I’m in the process of restoring my MG back to how it was in 1946. I’ve found the correct Lucas headlamp lenses and fog lamp (the originals destroyed in a shunt in 1969), have some Luvax dampers on order and have even managed to track down the badges on the original owner’s badge bar. The final piece of my jigsaw was a stamped ‘GB’ plate. I wonder whether to bother now.
I know that in the greater scheme of things it is not really that important, but I think we’ve lost part of our motoring heritage this week. I’m mindful of the need to make the people of Northern Ireland feel less ostracised – half my family are from the Province – but I can think of other ways that might be more effective than something that has been in place for over 100 years.
For most of that time, we have considered ourselves a ‘great’ motoring country, at the forefront of technological advancement, racing and manufacturing. This seems like an admission of failure, voluntarily reducing ourselves to the bland, corporate UK ‘signifier’. It feels like we’ve just thrown away the strongest, well-established brand, as if VW suddenly decided to remove the Bentley name, or the Maserati trident was dropped in favour of parent-company Stellantis’s bland logo.

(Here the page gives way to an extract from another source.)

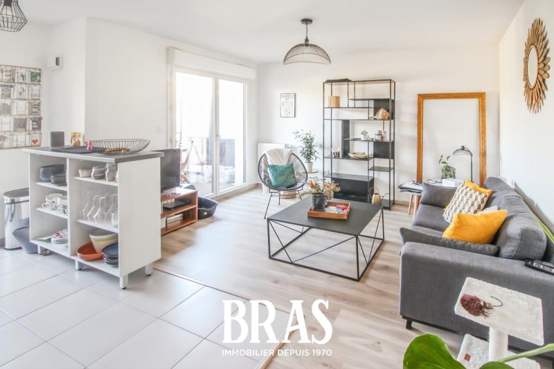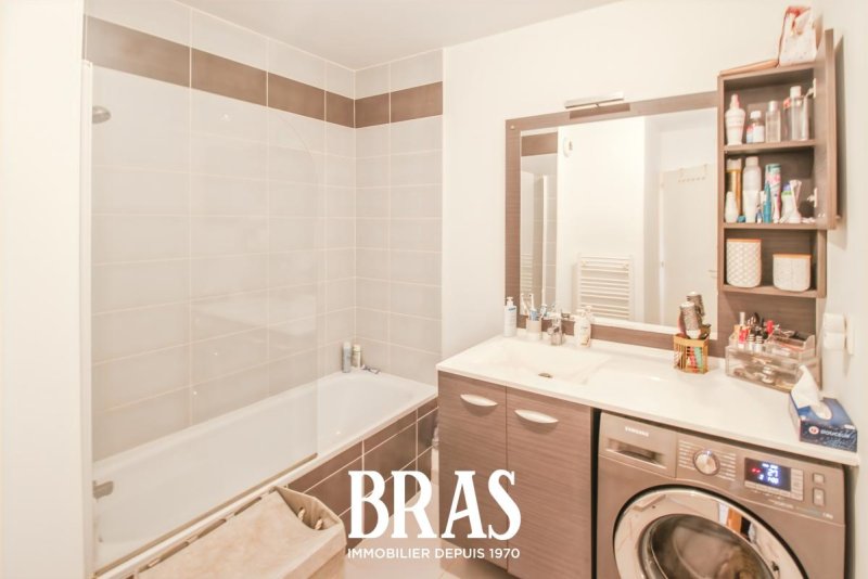 Boulevard des Anglais - Dans une résidence de 2016 labellisée BBC, appartement, entièrement repeint, de type 3 de 58,03m² situé au 3ème étage avec ascenseur et comprenant : entrée avec placard, séjour de 23,83m² avec cuisine aménagée et équipée (plaques de cuisson, four et hotte), donnant sur un balcon de 5.70 m² exposé Nord-Ouest, dégagement, 2 chambres de 10,93m² et 9,14m², salle de bains avec baignoire et meuble vasque, WC séparés.

And it’s not just the beautifully stamped metal plates, many with the crests of the AA and RAC that I am going to miss: there was a rite of passage at turning up at 5am ready for your ferry, only to mutter ‘how much?’ as you grudgingly paid over the odds for your GB sticker.
Then there were the different designs. In the 1990s, I lived for a time in Germany and regularly commuted in my 1971 Alfa Romeo Spider. I fitted a very natty black oval, complete with Union Flag, that became part of the car’s identity. Others are black, silver, even separate chrome letters. On pre-war cars, I’ve even seen it hand-painted on.
One upside for anyone who spent a small fortune on a Stena Line ‘GB’ sticker that remains unused in their boot, is that one day it could become a collector’s item just as hood ornaments, RAC and AA badges have become. Even the stamped plates I’ve been watching on eBay seem to have risen slightly in price overnight.
I think I will still buy a GB plate for the MG. After all, it’s part of the car’s history, and I think it would look great. The government instructions to remove them? Just ‘guidance’ fortunately, so I think I may take my chances, and maybe keep a magnetic UK sticker in the car should I go abroad, just in case.